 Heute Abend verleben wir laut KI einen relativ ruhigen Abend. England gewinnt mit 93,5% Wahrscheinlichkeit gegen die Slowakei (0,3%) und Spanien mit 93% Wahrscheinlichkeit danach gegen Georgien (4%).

---

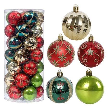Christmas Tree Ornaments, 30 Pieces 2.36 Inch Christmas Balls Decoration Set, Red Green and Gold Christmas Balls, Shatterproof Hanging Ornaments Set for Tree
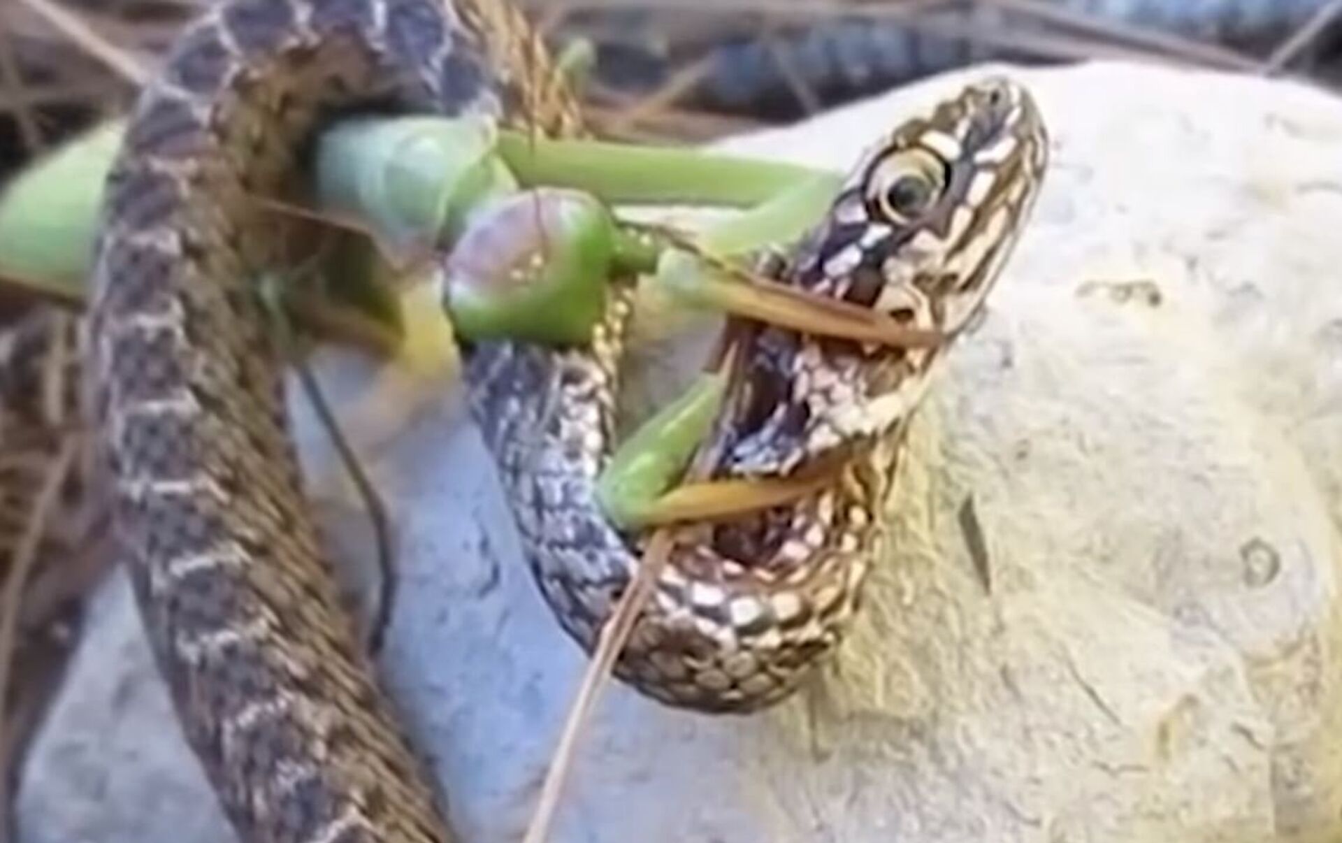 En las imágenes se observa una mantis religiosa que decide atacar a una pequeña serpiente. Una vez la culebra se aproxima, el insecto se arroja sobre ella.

---

### Your task
The material above holds pictures; leave them out and set down exactly the lines from the line with "Christmas Tree Ornaments, 30" to the line with "En las imágenes", both included.

### Answer box
Christmas Tree Ornaments, 30 Pieces 2.36 Inch Christmas Balls Decoration Set, Red Green and Gold Christmas Balls, Shatterproof Hanging Ornaments Set for Tree
 En las imágenes se observa una mantis religiosa que decide atacar a una pequeña serpiente. Una vez la culebra se aproxima, el insecto se arroja sobre ella.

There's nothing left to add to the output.